Cross-spliced sentences were used in this study rather than simple sentences as we were interested in examining the extent to which angry and sarcastic prosody differ in terms of their temporal processing. In particular, one manner that emotional stimuli might be prioritized for more immediate processing is via their acoustic differences compared to normal speech. In turn, this could lead such utterances to differ from prosodically attitudinal ones in two important ways. First, as noted above, the acoustic correlates of sarcasm may be more variable than anger, and this may result in a slower detection of prosodic changes than with anger. Second, the cues may be potentially less emotionally relevant than anger–that is, their functional context may differ [27] because the reception of anger may signal the need for an immediate response due to it being more commonly associated with adaptive factors such as violence compared to sarcasm; the latter of which may reflect more subtle higher order social functionality. Thus, it may be more adaptive for people to be attuned to prosodic cues associated with anger than sarcasm. Obviously, cross-spliced sentences are more artificial than naturally occurring sentences, and important prosodic information from the head of sentences [46] may be lost. However, the sentences used in the current study had a neutral head and then a potentially sarcastic or angry body which is a type of change that is relatively common in written form where the speech of a character is in quotes or implied, albeit in a different voice.

There were three main aims of this research. First, to replicate previous findings relating to the temporal processing of emotional prosody in the context of the prosodic expectancy paradigm [25,27–29]. Based on the results of Chen et al. [25], it is expected that differences between angry and neutral stimuli may modulate a very early negative component in the 100-200ms time window. It is also expected that emotional violations will elicit a significant positive deflection in the 200-350ms time window resembling a prosodic expectancy positivity (PEP effect) [25,27–29]. Finally, when attention is directed towards prosodic processing, a late positive complex may be seen for emotional prosody that is indicative of online integration processes [25].

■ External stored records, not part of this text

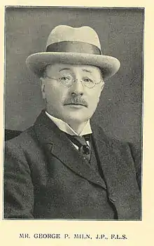 Born at Linlathen, Broughty Ferry in 1861, George Peddie Miln trained in a Dundee seed warehouse, the traditional Scottish training for a young man with ambition in the seed trade. He moved to Chester and ran one of its old established seed merchants before joining Gartons Limited as its first Managing Director in 1898. He was a member of Her Majesty's Board of Agriculture Seeds Advisory Council during the first World War. Both the Seeds Act 1920 and the formation of the National Institute of Agricultural Botany came about with his considerable encouragement during his three-year presidency of the Seed Trade Association of the United Kingdom. Of his eleven children, five trained in the seed trade. He was a Justice of the Peace in the City of Chester, a Fellow of the Linnean Society and a member of the Council of the Royal Agricultural Society of England. He died aged 68 following an unsuccessful operation.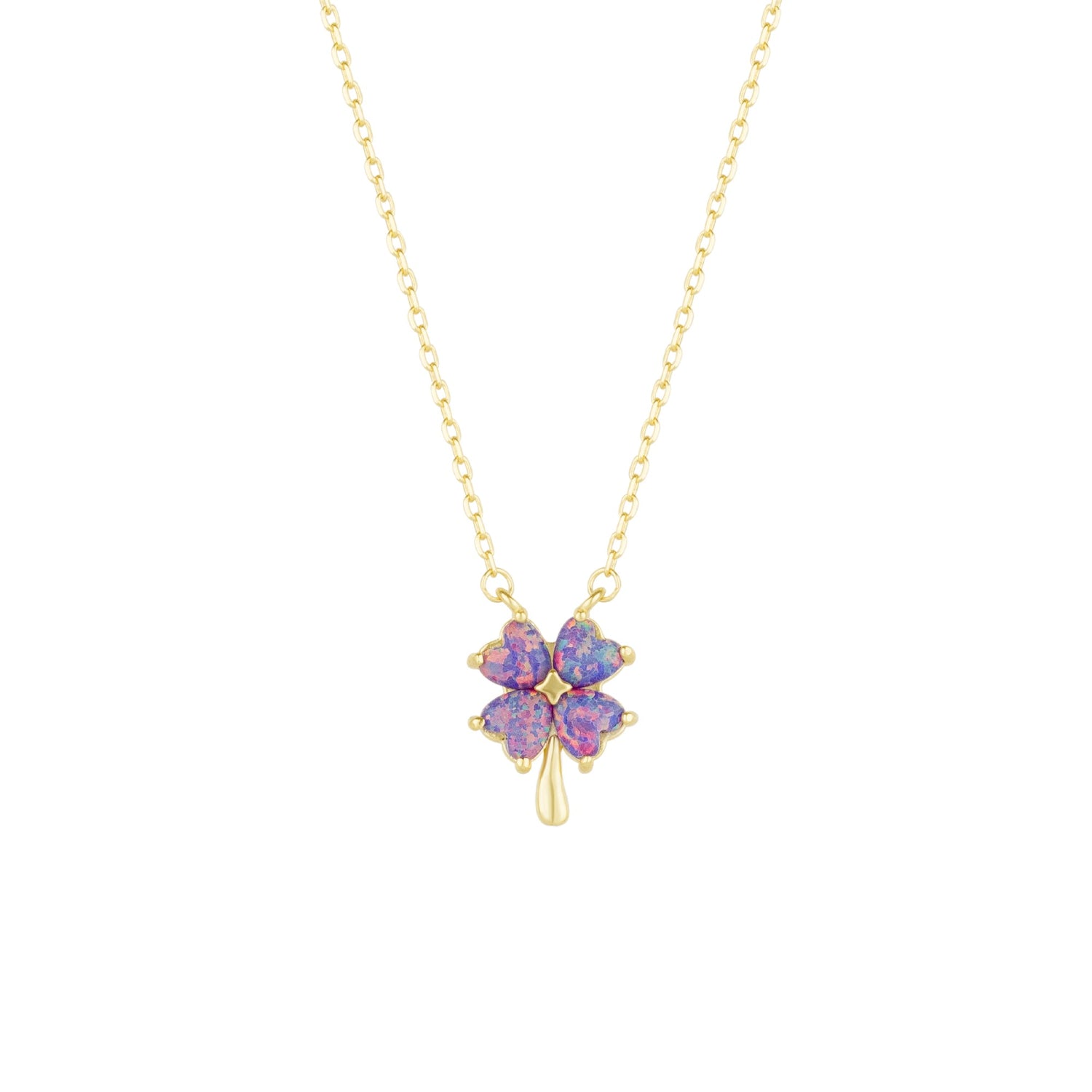 Pink & Purple Opal Four Leaf Clover Sterling Silver Necklace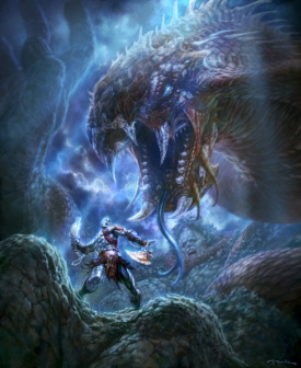 海神,由于奎托斯摧毁了他的都市亚特兰蒂斯而怀恨在心,是首个与他交战的神祇。战败后被奎托斯插瞎双眼,扭断颈部而死。死后海面失去平静,吞噬天地。

Second, it is less clear what components are likely to be associated with sarcastic processing. Given that the time-course of sarcastic prosody has not yet been examined within this paradigm, only tentative suggestions can be made. The most likely finding is that prosodic violations may deviate from matching neutral sentences due to early sensory change-detection processes (i.e., an early negative effect). In terms of later components, as attitudes differ from emotions [2], possessing less salient acoustic cue configurations and reflecting higher socially derived affectively charged dispositions, attitudinal violations may be processed later in time compared to emotional violations and hence cause a later PEP effect compared to emotional prosody. This expectation is derived in part from the finding that emotional prosodic violations were found to generate earlier PEP effects compared to linguistic prosodic violations [29].

Finally, the extent to which automaticity and task demands affect processing will be examined. For emotional prosody, previous research has shown that the presence of prosodic processing and the temporal PEP effect pattern is relatively independent of task demands [27]. Alternatively, attitudinal prosody is argued to demand a level of selective attention [3], and thus if automaticity effects emerge across the two experiments, the difference in the amplitude of the PEP effect is likely to be greater for attitudinal compared to emotional prosody.

Experiment One

In this experiment, the prosodic expectancy paradigm was used to examine the processing of anger and sarcasm when the task forced participants to process the prosody of the sentences.

Method

Participants.

Fifteen healthy individuals (9 males, 6 females), aged 18–25 years (M = 22.13; SD = 1.77), participated in Experiment one. All were native Australian English speakers with normal or corrected-to-normal vision, without any known psychiatric or neuropsychological disorder, and were not currently taking any psychiatric drugs or substances, as provided by self-report. All participants provided informed written consent and were compensated for their participation. This experiment was approved by the ethics committee of Swinburne University of Technology.

Stimulus Material.

In accordance with the prosodic expectancy paradigm used in Kotz and Paulmann [27], sentences were created comprising a common head structure (‘he/she has’) and a body structure (i.e. ‘a serious face’). The latter body structures were generated from 150 syntactically matching and semantically neutral sentences comprised of three words beginning with either an ‘a’ or ‘an’ determiner. To create the critical experimental manipulations, each sentence body was recorded in three different intonations: i) emotional (angry tone), ii) attitudinal (sarcastic tone), and iii) neutral. In addition, 100 filler and 10 practice sentence bodies of a similar syntax and length were created and recorded. The filler sentences all had a neutral tone.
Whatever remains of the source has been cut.